LA STRATEGIA ITALIANA PER L’INTELLIGENZA ARTIFICIALE: LUCI E OMBRE

Un primo passo verso la regolamentazione dell’utilizzo dell’intelligenza artificiale in Italia

Nel luglio 2020 una commissione di esperti del Ministero dello Sviluppo Economico (MISE) ha portato a termine l’arduo compito di delineare un piano coerente per consentire all’Italia di massimizzare i benefici derivanti dalla trasformazione digitale e tecnologica. Il risultato del lavoro in parola ha portato alla pubblicazione di un documento contenente le proposte per la strategia italiana per l’intelligenza artificiale con lo scopo precipuo di traghettare il “Bel Paese” in quella che è stata definita dal MISE una “trasformazione digitale made in Italy”.

Ciò posto, il documento pubblicato dal MISE contiene anche alcune zone d’ombra in cui si insediano i rischi insiti all’utilizzo incauto dei software AI e che inevitabilmente porgono un guanto di sfida al diritto.

Indice degli argomenti

  1. Come è regolato in Italia l’utilizzo dell’intelligenza artificiale?
  2. Intelligenza Artificiale: una breve descrizione
  3. Proposte per una strategia italiana per l’AI: l’origine
  4. Intelligenza artificiale: la sfida al diritto
    • La tutela del consumatore-utente
    • La protezione dei dati personali
    • La responsabilità civile
  5. Riflessioni conclusive

Come è regolato in Italia l’utilizzo dell’intelligenza artificiale?
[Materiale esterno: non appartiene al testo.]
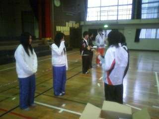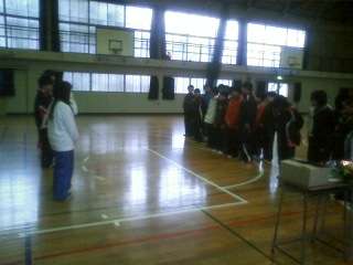 雨が降ってきたので体育館でお別れセレモニーをしました。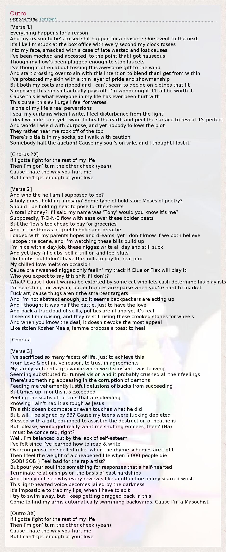 Это интересно:Tonedeff (born Anthony Rojas on December 14, 1978) is an American rapper, producer, and singer-songwriter from Queens, New York City.Known for his breathless vocal performances, rapid-fire delivery, which is alleged to be among the fastest in hip hop history at 13.5 syllables per second, he is said by critics as having "the best flows" of the current generation of emcees. Having developed a reputation as a self-sufficient artist who has been known to design his own album covers and edit his own videos, he is also known to sing and play piano on his tracks, as well as self-produce them.Tonedeff first gained national recognition on the underground hip hop scene after winning... продолжение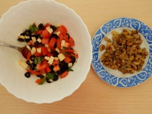 - Izrežite povrće i sir, sjedinite i dodajte papar, sol i preostalo maslinovo ulje.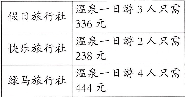 解析 分别求出每家旅行社人均价格是多少,然后比较,选人均价格最便宜的那家。假日旅行社人均价格为336÷3 = 112(元),快乐旅行社人均价格为238÷2 = 119(元),绿马旅行社人均价格为444÷4 = 111(元)。111<112<119,所以应选绿马旅行社。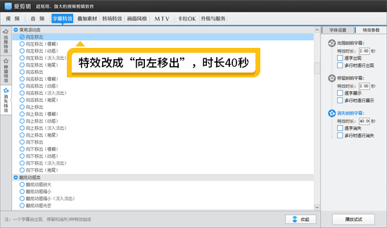 接下来,在特效设置板块中,把“出现特效”以及“停留特效”的勾选状态予以取消。仅在“消失特效”的众多选项里,勾选“向右移出”这一特定效果,并将该特效的持续时长精确调整为50秒,从而使字幕在消失时呈现出特定的动态效果,增强画面的表现力与节奏感。

Il Ministero per lo Sviluppo Economico ha pubblicato lo scorso luglio un documento contenente le proposte per la strategia italiana per l’intelligenza artificiale, definendolo “giro di boa fondamentale per raggiungere una trasformazione digitale made in Italy”, e completando così il lavoro di una task force di esperti selezionati che hanno raccolto e razionalizzato le osservazioni e i suggerimenti pervenuti a seguito di una consultazione pubblica svoltasi l’anno passato.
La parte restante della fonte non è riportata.